The kind of object-oriented programming most people are familiar with is usually in the style of Java. It's unfortunate because the original concept of object-oriented programming didn't work that way — it's really just a subset of functional programming.
It's important to know a bit about the history of Erlang in order to understand why some of the design decisions were made. Erlang was designed at Ericsson for their work on telephony switches.
The best example is the often reported nine nines (99.9999999%) of availability offered on the Ericsson AXD 301 ATM switches, consisting of over 1 million lines of Erlang code.
- Learn You Some Erlang
All of it's features were designed with practicality in mind, since they were dealing with real world problems: transparent distribution (horizontal and vertical scaling), code hot-swapping, asynchronicity, soft realtime, granular supervision, fault tolerance, load balancing, live debugging, etc.

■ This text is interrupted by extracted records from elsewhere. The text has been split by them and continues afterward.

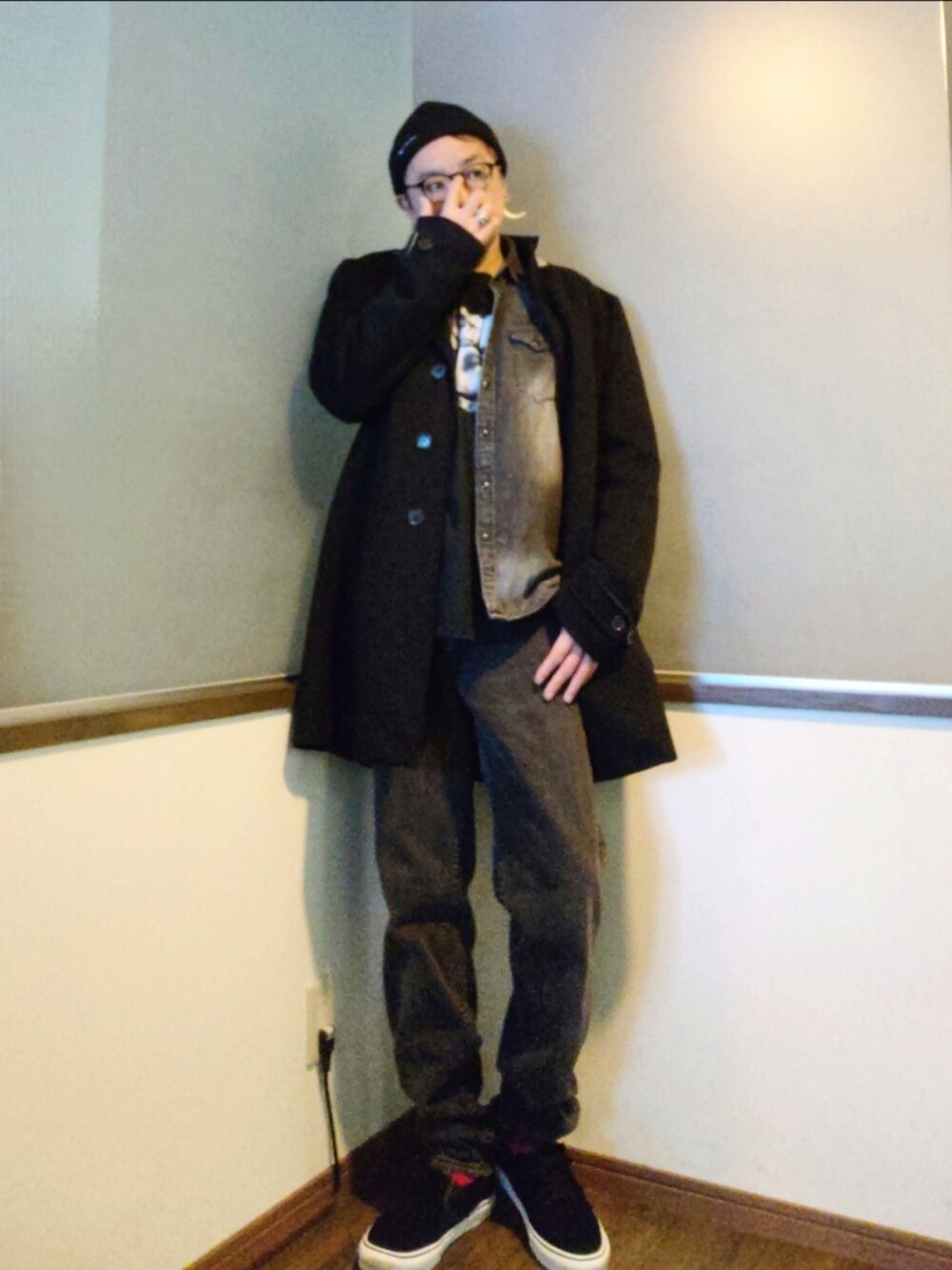 ご覧いただきありがとうございます。 沢山のリアクション心より感謝申し上げます。 チェスターコート✕デニムシャツ✕ロンT✕デニムパンツ✕アシメのVANS デニムオンデニムのストリートカジュアルにチェスターコートで大人なストリートスタイル。 こなれ感と無骨さは、やっぱり黒デニム。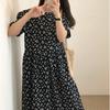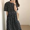 Compra Vestido floral de verano 2025 retro holgado adelgazante negro cuello redondo manga corta vestido para mujer al por mayor en Joom.pro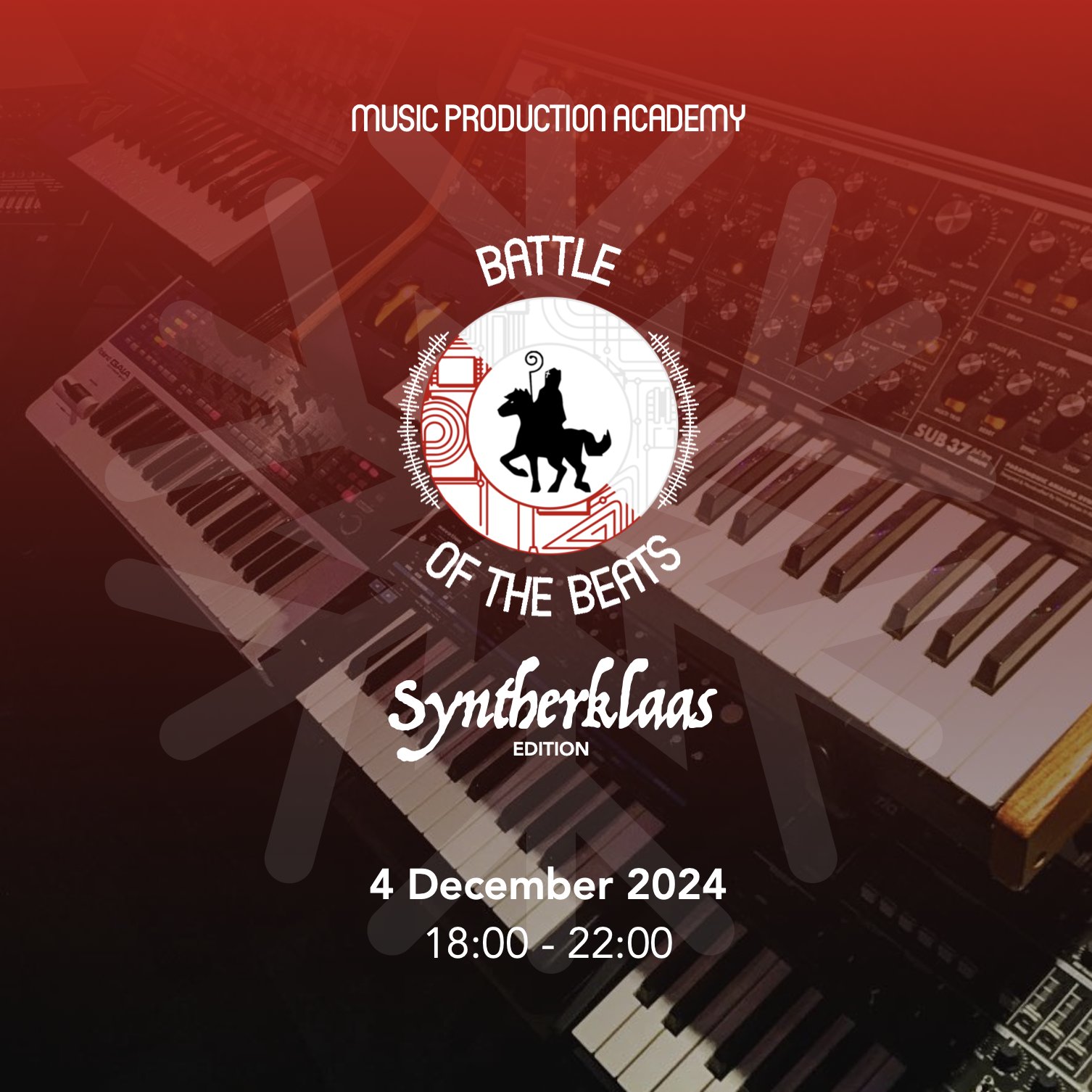 This time, we’re mixing creativity with a bit of chaos and holiday spirit. Each participant creates a sample pack in advance for another producer. At the start of the battle, everyone grabs a random USB stick from the Syntherklaas present bag and must build a track using those samples. Expect good vibes, surprises, and beats that hit harder than pepernoten.
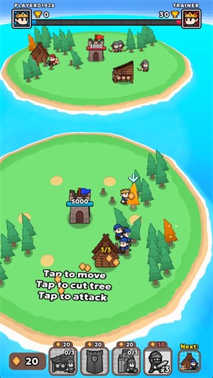 2、旁边有许多的树木,快点来砍伐它们获取资源吧。

Erlang is viewed as a functional language because all data structures are immutable (immutability greatly simplifies concurrent programming), pattern matches on messages, and has first class functions. But it's actually multi-paradigm. Some argue that the real benefit of object oriented programming was the message-passing/actor paradigm that came from Smalltalk and Erlang.
Actors are the Erlang style of object oriented programming. They are treated as black boxes — no actor can mess with the internals of another actor. Instead actors communicate with other actors asynchronously via message passing.
The Erlang engineers came to a lot of great insights about distributed programming, but two really stick out: transparent distribution and fault tolerance.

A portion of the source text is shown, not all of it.